Many advocates for weight-loss surgery seem only vaguely aware that fat activists exist.

Some activists' low-budget stunts, however, are meant to change that.

"One of the problems with activism is it becomes so morose and so serious," Solvay said.

People lose their jobs, are refused housing and even have their children taken away because they are fat, she said. For her, the antidote is to do something absurd — in public.

So Solvay, a member of the Bod Squad of San Francisco, jumps, kicks and does splits in a silver-sequined black miniskirt with pink ruffled panties underneath.

Wann, Solvay and others make tactical strikes, displaying their fat with pride.

The goal is to warn "fat brothers and sisters" about the dangers of "stomach amputation" and "self-mutilation," as Wann calls the surgery. Almost as bad as the health risks involved, she adds, is the psychological kowtowing that comes with a stapled stomach.

Some medical centers and doctors are nonplused.

El Camino Hospital officials said they were surprised to learn that some people were offended by its newspaper ad linking pride and dignity to losing weight. It pulled the ad, however, after Wann and others called the hospital to complain.

"The last thing we wanted to do was to offend anybody," said Ann Fyfe, vice president of business development for the hospital.

Fyfe saw Wann's group, called the Bypass the Bypass Brigade, disrobe. "It was shocking" and upsetting for the 62 people who came to confront their weight problem.

She likened their attendance to a first meeting of Alcoholics Anonymous. "For people to decide they want to do something about it, to actually show up somewhere … to say, 'I am obese, and I want to explore options for me' — well, I think it takes courage," she said.

Likewise, when Bryan Woodward organized a national fundraiser for the bariatric surgeons society, "Walk From Obesity," he was stunned to learn anyone could be opposed to such an idea.

"It really hurt at first, because I wanted to do something good. We have walks for heart disease and we have walks for cancer, and the biggest killer for all of us — besides smoking — is obesity," he said. "So why not have a walk to educate people about that disease?"

Woodward is as earnest as Wann is angry. People do not have gastric bypass surgery because of advertising campaigns, he said. They have it because they can no longer play with their children, walk up the stairs or bathe without help.

The walks, in 39 cities around the country, he said, were a success, raising almost $300,000 to increase awareness about obesity.
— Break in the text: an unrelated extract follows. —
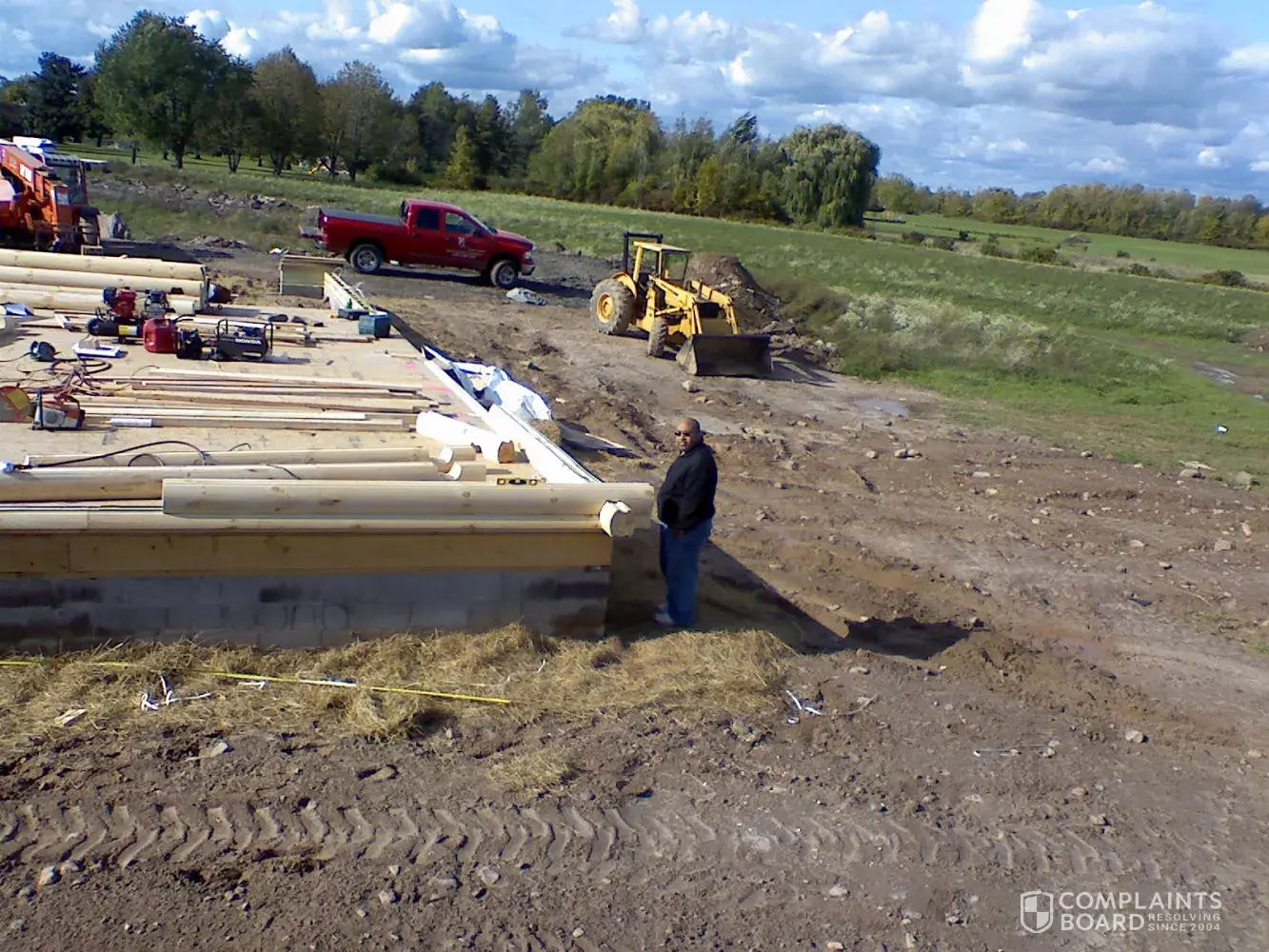 Things were going along ok, the builders built the first floor cap over the basement, all materials were received. They stacked the logs, all items were received. They built the second floor cap over the logs, all materials were received. When my builder started building the roof, we came up 22 rafters short. I spoke with Stacey about it and he claimed his "program" counted wrong. He sent the rafters. They went on to start the exterior walls and the entire back wall, 54 feet, we did not have 2x6's to build the wall. Again, Stacey sent them after he argued with me about them. Stating that his "program" counted them wrong. When my builder started to build the front porch, we had no joists to build the roof, nor did we have the correct posts. 6 Carry posts and a beam for the front porch - he sent pressure treated materials for this. My beautiful white pine cabin and he sent green pressure treated lumber for the porch. NOT what it was supposed to be. We spoke about this and that was the last conversation we had. November 15, 2008. My husband and I had to purchase the rafters for the porch as Stacey did not send them...cost out of our pocket.

Activists thought they were a success too. In New York, San Diego and San Francisco, they faced off against the bariatric walkers.

At Chrissy Field in San Francisco, as the walkers paraded by, Bod Squad cheerleaders in pink, silver and black pleated skirts jumped and cheered.

Waving pompoms, they chanted: "Two! Four! Six! Eight! We do not regurgitate! Three! Five! Seven! Nine! Love your body, it's just fine!"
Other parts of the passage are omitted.